Task03: logical regression

Keywords: Python

Theoretical part

  • The relation and difference between logical regression and linear regression
  • Model building: principle and model of logical regression
  • Learning strategy: loss function, derivation and optimization of logistic regression
  • Algorithmic solution: batch gradient descent
  • Regularization and model evaluation index
  • Advantages and disadvantages of logical regression
  • Sample imbalance
  • Detailed explanation of sklearn parameters
  1. Case study:
    import numpy as np
    import pandas as pd
    import matplotlib.pyplot as plt
    
    %matplotlib inline
    
    
    df_X = pd.read_csv('./logistic_x.txt', sep='\ +',header=None, engine='python') #Read X value
    ys = pd.read_csv('./logistic_y.txt', sep='\ +',header=None, engine='python') #Read y value
    ys = ys.astype(int)
    df_X['label'] = ys[0].values #Label X one by one according to the result of y value
    
    ax = plt.axes()
    #Describe the position of point X in the two-dimensional graph, and visually view the distribution of data points
    df_X.query('label == 0').plot.scatter(x=0, y=1, ax=ax, color='blue')
    df_X.query('label == 1').plot.scatter(x=0, y=1, ax=ax, color='red')
    
    #Extract data for learning
    Xs = df_X[[0, 1]].values
    Xs = np.hstack([np.ones((Xs.shape[0], 1)), Xs])
    ys = df_X['label'].values
    
    
    from __future__ import print_function
    import numpy as np
    from sklearn.linear_model import LogisticRegression
    
    lr = LogisticRegression(fit_intercept=False) #Because the value of the intercept item has been merged into the variable previously, the intercept item is not required for parameter setting here
    lr.fit(Xs, ys) #fitting
    score = lr.score(Xs, ys) #Result evaluation
    print("Coefficient: %s" % lr.coef_)
    print("Score: %s" % score)
    
    
    ax = plt.axes()
    
    df_X.query('label == 0').plot.scatter(x=0, y=1, ax=ax, color='blue')
    df_X.query('label == 1').plot.scatter(x=0, y=1, ax=ax, color='red')
    
    _xs = np.array([np.min(Xs[:,1]), np.max(Xs[:,1])])
    
    #The data is described in the form of two-dimensional graph, and the data area is divided with the parameter result obtained by learning as the threshold value
    _ys = (lr.coef_[0][0] + lr.coef_[0][1] * _xs) / (- lr.coef_[0][2])
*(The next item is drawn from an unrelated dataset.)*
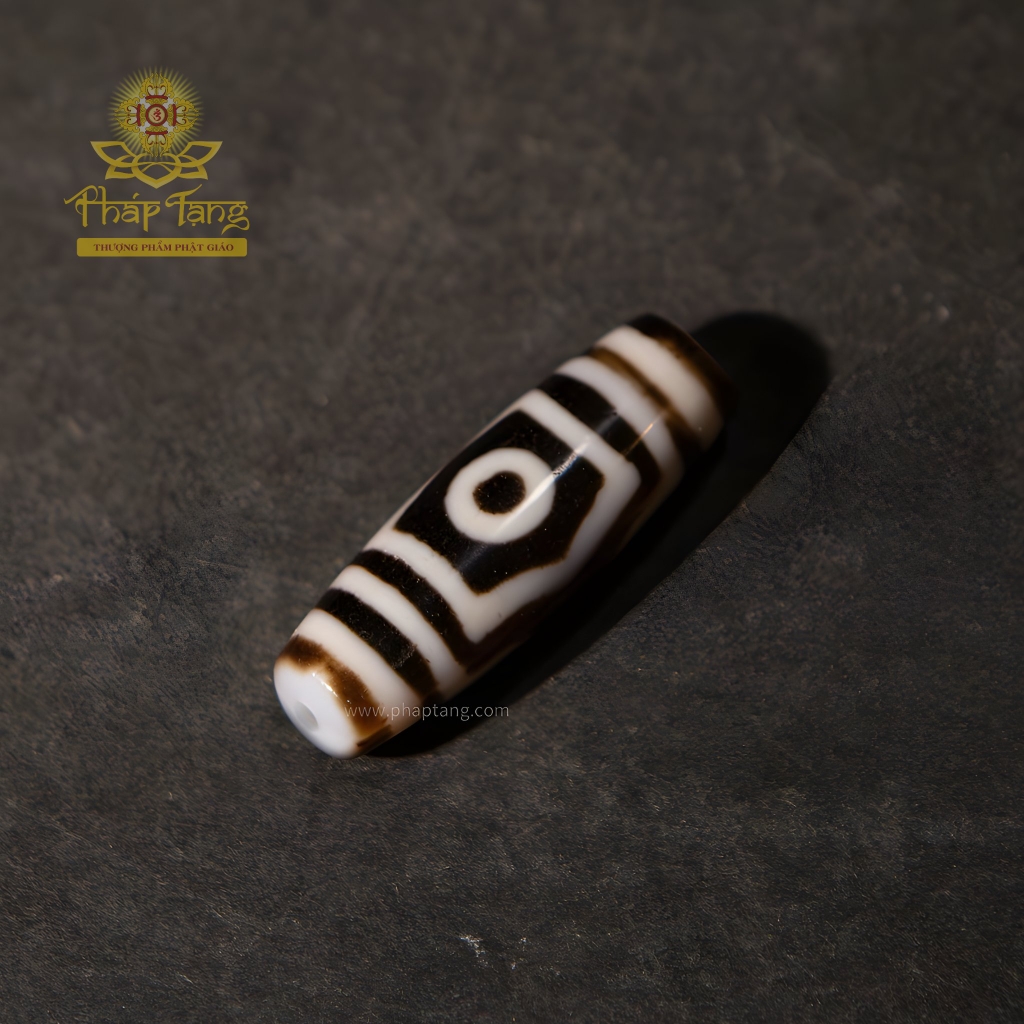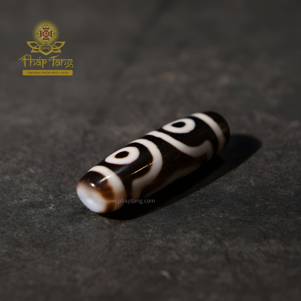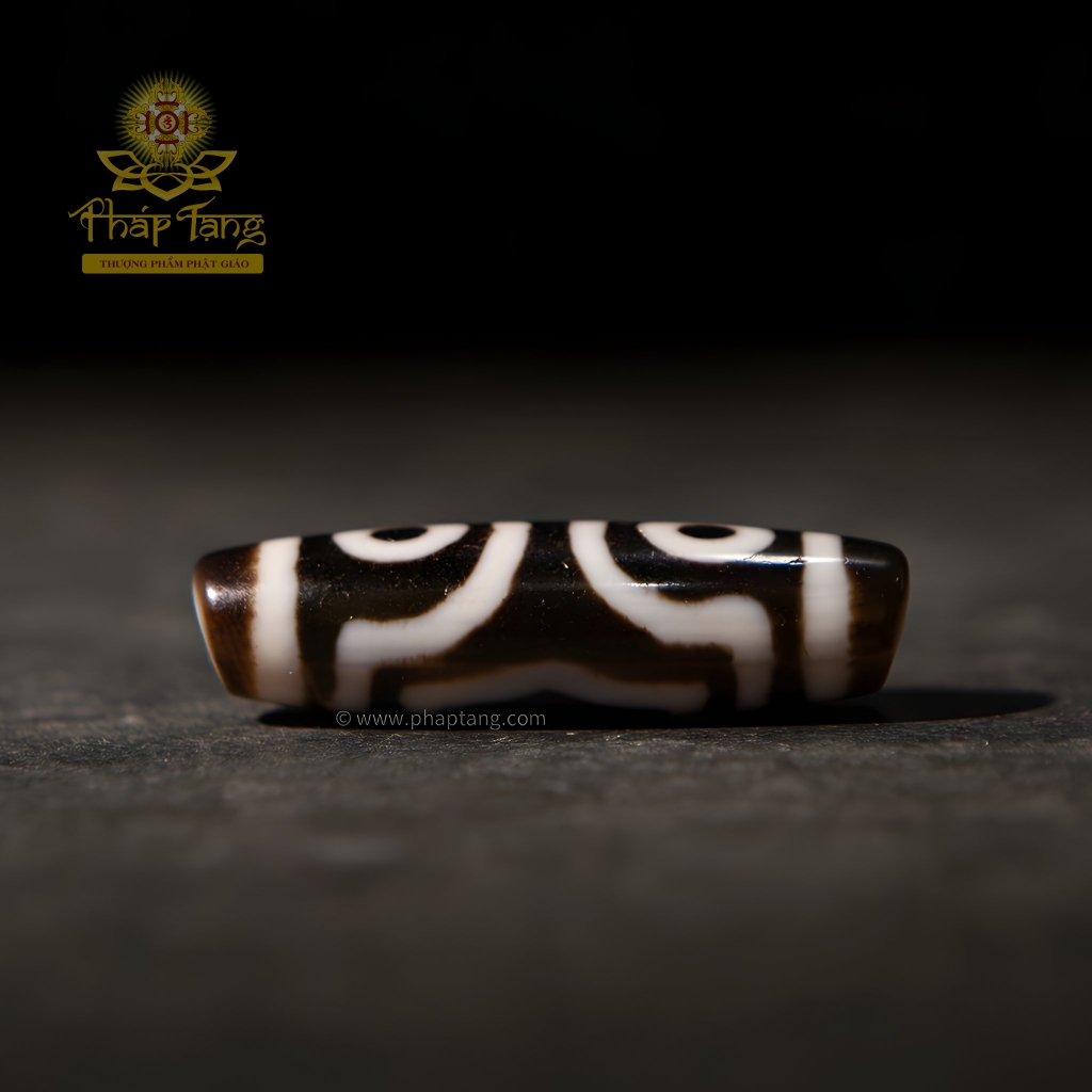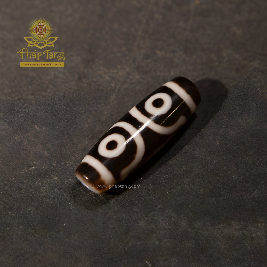 Đây không phải là viên Dzi 3 mắt thông thường. Ba con mắt mang diễn giải tâm linh quý giá: 2 mắt tượng trưng cho đôi mắt từ bi của Hoàng Thần Tài (Dzambhala) và mắt thứ 3 tượng trưng cho chính miệng Ngài – nơi ban phát phúc lành, tài bảo và sự thịnh vượng. Sở hữu pháp bảo này không chỉ là lời cầu nguyện cho ba phước báu lớn (tài lộc, hạnh phúc, trường thọ), mà còn là vật hộ mệnh cho hành giả trên con đường chuyển hóa Tam Độc (Tham, Sân, Si) thành Tam Học (Giới, Định, Tuệ).

    plt.plot(_xs, _ys, lw=1)
    
    
    class LGR_GD():
        def __init__(self):
            self.w = None
            self.n_iters = None
    
        def fit(self, X, y, alpha=0.03, loss=1e-10):  # Set the step size to 0.002, and judge whether the convergence condition is 1e-10
            y = y.reshape(-1, 1)  # Reshape the dimension of y value for matrix operation
            [m, d] = np.shape(X)  # Dimensions of arguments
            self.w = np.zeros((1, d))  # Set the initial value of the parameter to 0
            tol = 1e5
            self.n_iters = 0
            # ============================= show me your code =======================
            while tol > loss: #Set convergence conditions
                for i in range(d):
                    temp = y - X.dot(self.w)
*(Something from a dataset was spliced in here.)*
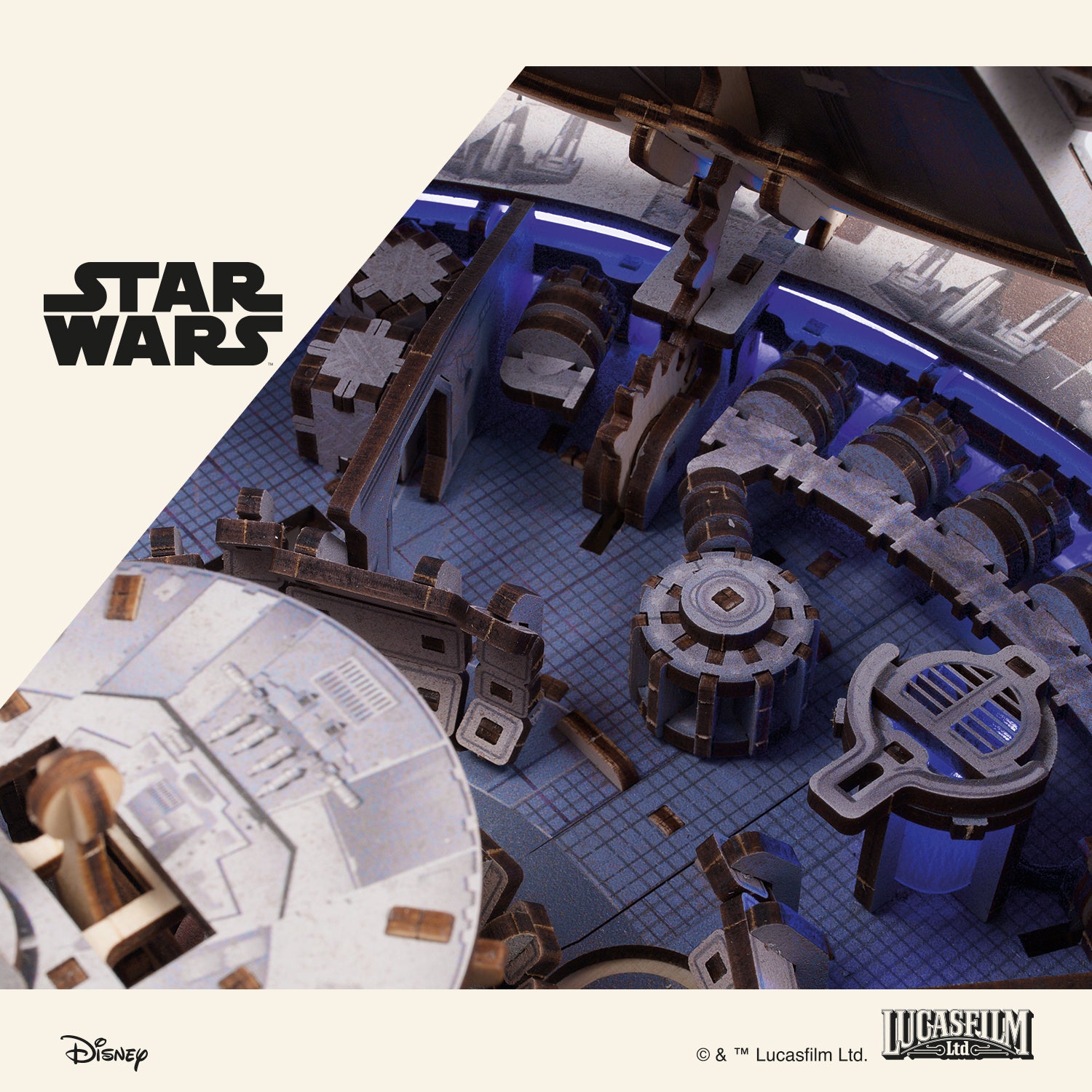 ¡Construye el legendario Millennium Falcon™ con este detallado rompecabezas de madera 3D! Incluye luces LED azules a pilas, techo retráctil, bodega de carga y rampa abatibles, torretas móviles y una antena giratoria de 360°. Los intrincados detalles interiores y exteriores reproducen fielmente la icónica nave de la saga Star Wars™

                    self.w[i] = self.w[i] + alpha *np.sum(temp * X[:,i])/m
                
                tol = np.abs(np.sum(y -  X.dot(self.w)))
                self.n_iters += 1 #Update iterations
     
            # ============================= show me your code =======================
    
        def predict(self, X):
            # Prediction of new independent variables with fitted parameter values
            y_pred = X.dot(self.w)
            return y_pred
    
    
    if __name__ == "__main__":
        lr_gd = LGR_GD()
        lr_gd.fit(Xs, ys)
    
        ax = plt.axes()
    
        df_X.query('label == 0').plot.scatter(x=0, y=1, ax=ax, color='blue')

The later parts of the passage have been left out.